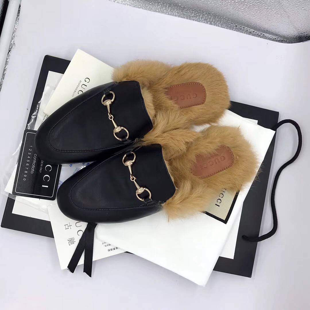 Papuci Nissa Stylish Cu Blana Naturala Negru Fashionup
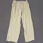 These H&M Linen Blend Straight Retro Trouser Pants in size 12 are perfect for a variety of occasions ranging from casual to formal. The green-grey color and wide-leg style give them a beachy, retro vibe, making them ideal for the summer, fall, and spring seasons. Made from a lightweight and breathable fabric blend of viscose, linen, and cotton, these pants feature an elastic waist and high rise for added comfort and style. With a flat front and easy-care instructions (machine washable), these pants are a versatile addition to any woman's wardrobe.
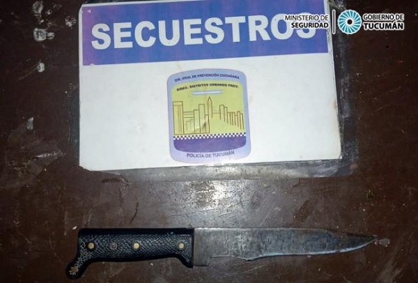 Durante la requisa, el sospechoso se abalanzó sobre los servidores públicos intentando atacarlos con el arma pero fue rápidamente reducido y trasladado a la delegación policial donde se inició la averiguación de su prontuario policial en tanto que el elemento punzo-cortante quedó en calidad de secuestro.
******************************
Output the full material exactly as given, without its pictures.

 Papuci Nissa Stylish Cu Blana Naturala Negru Fashionup
 These H&M Linen Blend Straight Retro Trouser Pants in size 12 are perfect for a variety of occasions ranging from casual to formal. The green-grey color and wide-leg style give them a beachy, retro vibe, making them ideal for the summer, fall, and spring seasons. Made from a lightweight and breathable fabric blend of viscose, linen, and cotton, these pants feature an elastic waist and high rise for added comfort and style. With a flat front and easy-care instructions (machine washable), these pants are a versatile addition to any woman's wardrobe.
 Durante la requisa, el sospechoso se abalanzó sobre los servidores públicos intentando atacarlos con el arma pero fue rápidamente reducido y trasladado a la delegación policial donde se inició la averiguación de su prontuario policial en tanto que el elemento punzo-cortante quedó en calidad de secuestro.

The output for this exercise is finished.